::: Material provided

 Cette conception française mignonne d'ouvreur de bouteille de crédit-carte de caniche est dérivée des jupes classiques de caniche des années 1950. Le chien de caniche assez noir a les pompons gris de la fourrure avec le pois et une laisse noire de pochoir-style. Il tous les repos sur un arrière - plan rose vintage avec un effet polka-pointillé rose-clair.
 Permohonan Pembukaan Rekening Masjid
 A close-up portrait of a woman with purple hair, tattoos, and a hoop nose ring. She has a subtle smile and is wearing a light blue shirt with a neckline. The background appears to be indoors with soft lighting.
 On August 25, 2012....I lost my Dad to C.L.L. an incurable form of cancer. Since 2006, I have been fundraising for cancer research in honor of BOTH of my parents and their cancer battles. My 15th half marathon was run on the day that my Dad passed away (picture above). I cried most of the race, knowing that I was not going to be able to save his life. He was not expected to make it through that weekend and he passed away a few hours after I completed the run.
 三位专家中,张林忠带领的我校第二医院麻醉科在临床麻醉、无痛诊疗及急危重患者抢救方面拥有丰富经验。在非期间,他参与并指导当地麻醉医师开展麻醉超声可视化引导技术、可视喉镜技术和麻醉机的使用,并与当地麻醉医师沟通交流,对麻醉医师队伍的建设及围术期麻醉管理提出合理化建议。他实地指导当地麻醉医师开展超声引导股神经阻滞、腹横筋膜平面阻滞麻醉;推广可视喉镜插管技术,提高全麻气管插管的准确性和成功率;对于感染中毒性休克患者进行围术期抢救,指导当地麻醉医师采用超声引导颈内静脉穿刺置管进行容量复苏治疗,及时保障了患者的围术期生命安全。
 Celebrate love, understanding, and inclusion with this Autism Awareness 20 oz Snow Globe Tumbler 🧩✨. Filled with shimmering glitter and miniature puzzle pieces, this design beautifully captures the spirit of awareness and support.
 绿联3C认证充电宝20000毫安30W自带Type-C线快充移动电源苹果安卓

::::::
::: Material provided

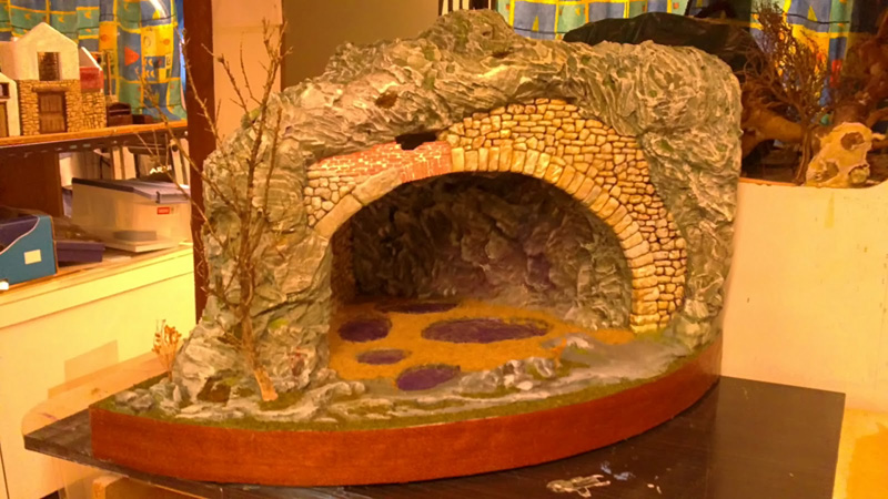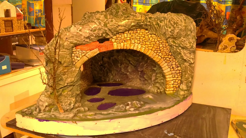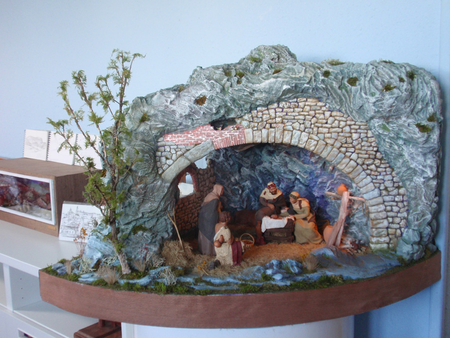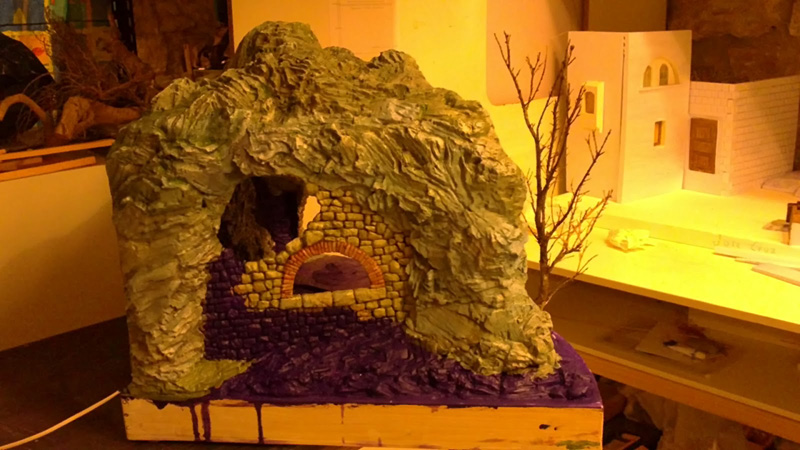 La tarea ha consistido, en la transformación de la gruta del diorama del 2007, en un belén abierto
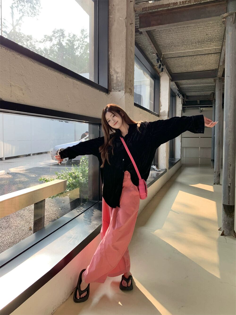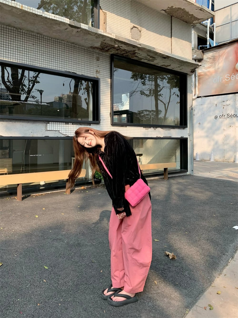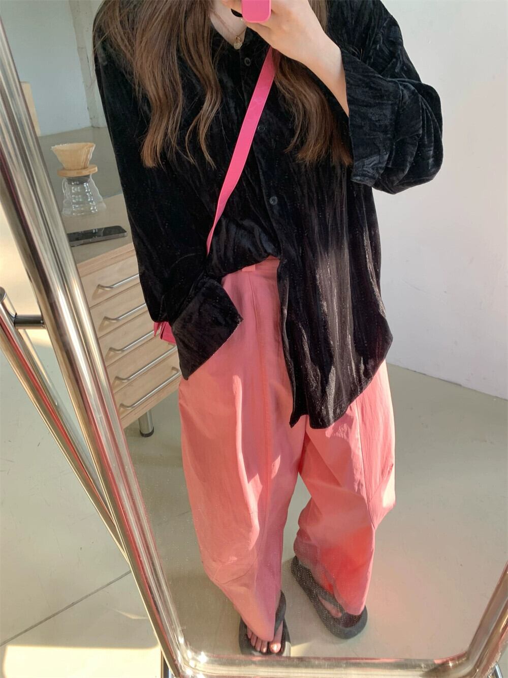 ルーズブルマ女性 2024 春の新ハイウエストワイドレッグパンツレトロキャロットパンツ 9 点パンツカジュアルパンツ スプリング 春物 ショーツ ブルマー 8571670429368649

::::::

== Task item ==
The answer must be one number: how many lines in the material above contain the word "with".

== Solution ==
2